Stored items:
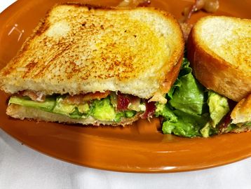 Grilled bread ~ zesty aioli ~ lettuce ~ tomato ~ avocado slices ~ cheese
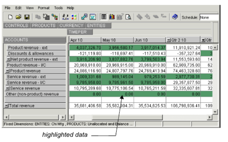 For example, in the following illustration, you may want to highlight all numbers less than or equal to 10,000,000, for easier identification and analysis.
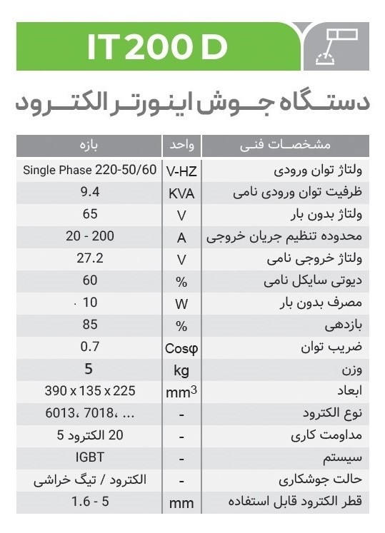 IT200 D دستگاه جوش اینورتر الکترود(تکفاز)
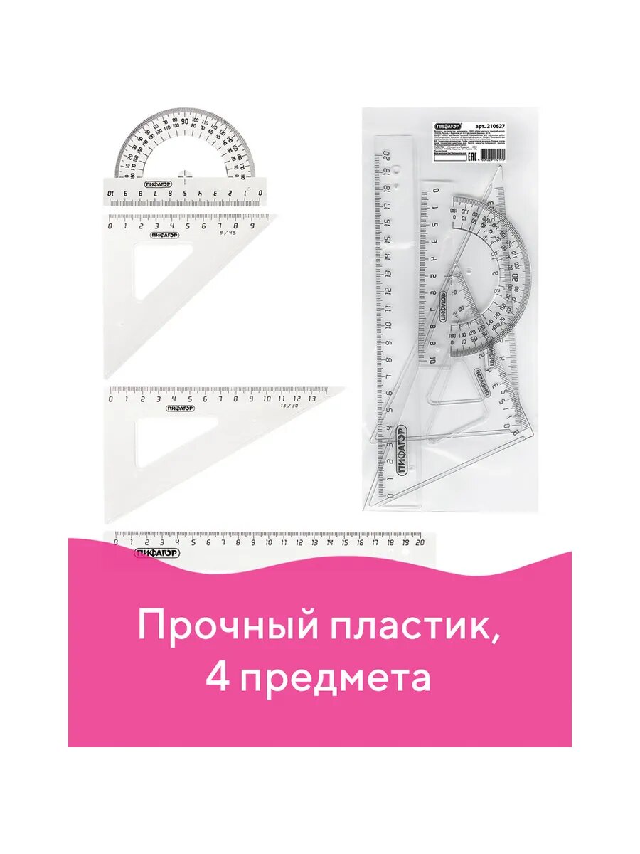 | Дополнительно | Геометрический набор для чертежных работ из прочного пластика.,,Состав набора:,,1. Линейка со шкалой 20 см;,,2. Угольник с углом 45° и шкалой 9 см;,,3. Угольник с углом 30° и шкалой 13 см;,,4. Транспортир 180° с линейкой 10 см.,,Характеристики,Количество предметов в наборе:4,Максимальная длина разметки |
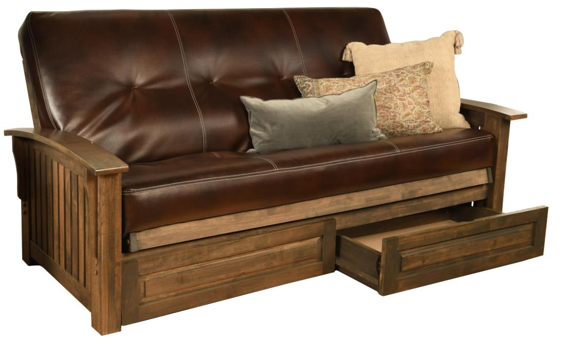 This full-size futon has three positions allowing you to sit or lounge or sleep while the slatted arms have a gentle curve to fit your body. The included drawers provide plenty of space for out-of-site storage.
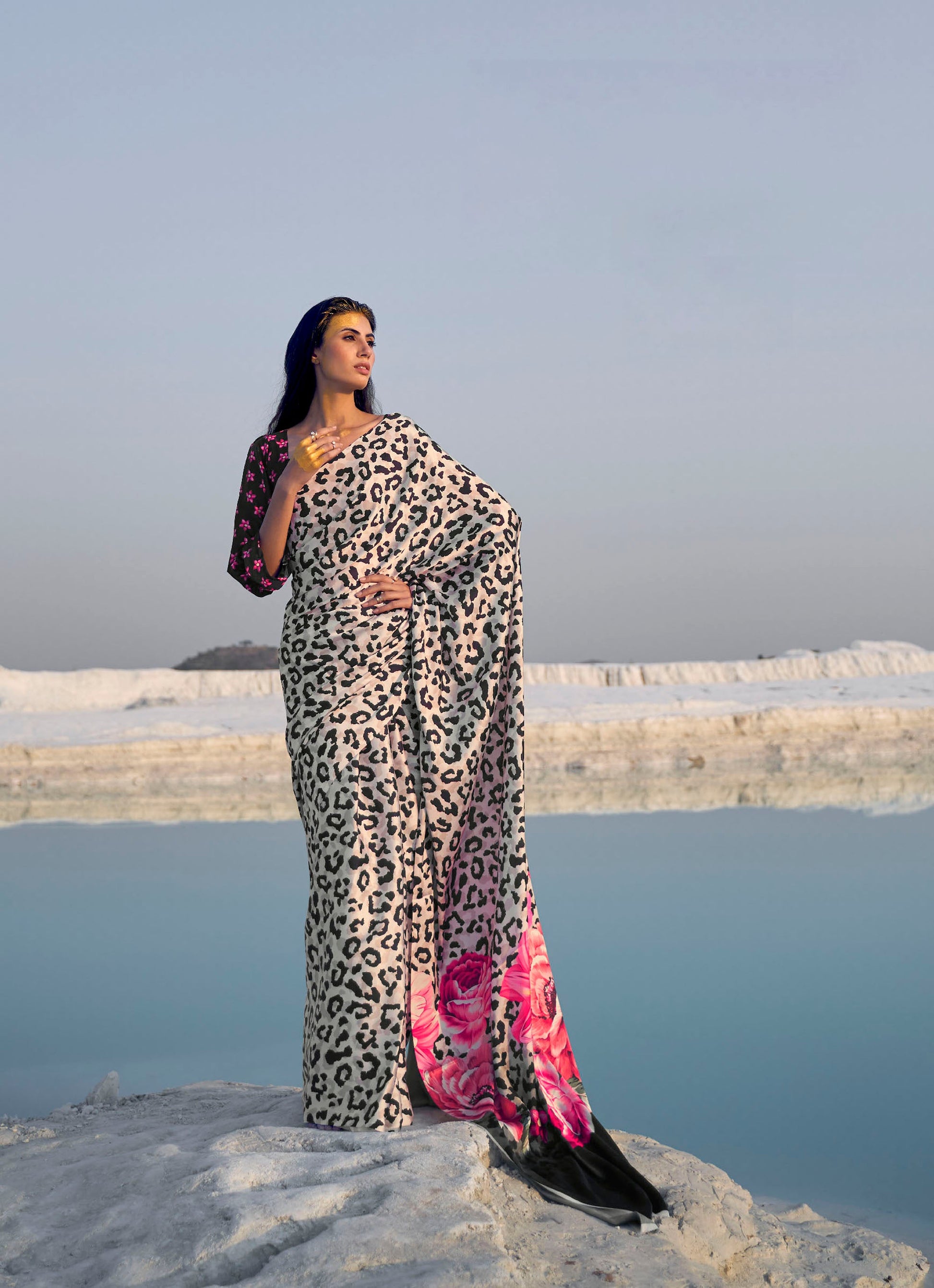 Does your wardrobe need more versatility? Then, check out this. Let your skin feel the refreshing touch as you adorn this superior-quality lightweight Black Leopard Print Soft Silk Saree to match the overall modest design. If you're yearning to make a fashion statement in your outfit, pick this digital printed designer saree for any occasion, such as wedding receptions, engagement parties, and sangeets. A wedding Guest would look gorgeous in this Black Leopard Print Soft Silk Saree. Don't wait. Just go ahead and order.

(Goal of the exercise)
Transcribe exactly the lines from the one with "длина разметки |" to the last line of the records, both included, so that no picture appears in the copy.

(Result below)
 | Дополнительно | Геометрический набор для чертежных работ из прочного пластика.,,Состав набора:,,1. Линейка со шкалой 20 см;,,2. Угольник с углом 45° и шкалой 9 см;,,3. Угольник с углом 30° и шкалой 13 см;,,4. Транспортир 180° с линейкой 10 см.,,Характеристики,Количество предметов в наборе:4,Максимальная длина разметки |
 This full-size futon has three positions allowing you to sit or lounge or sleep while the slatted arms have a gentle curve to fit your body. The included drawers provide plenty of space for out-of-site storage.
 Does your wardrobe need more versatility? Then, check out this. Let your skin feel the refreshing touch as you adorn this superior-quality lightweight Black Leopard Print Soft Silk Saree to match the overall modest design. If you're yearning to make a fashion statement in your outfit, pick this digital printed designer saree for any occasion, such as wedding receptions, engagement parties, and sangeets. A wedding Guest would look gorgeous in this Black Leopard Print Soft Silk Saree. Don't wait. Just go ahead and order.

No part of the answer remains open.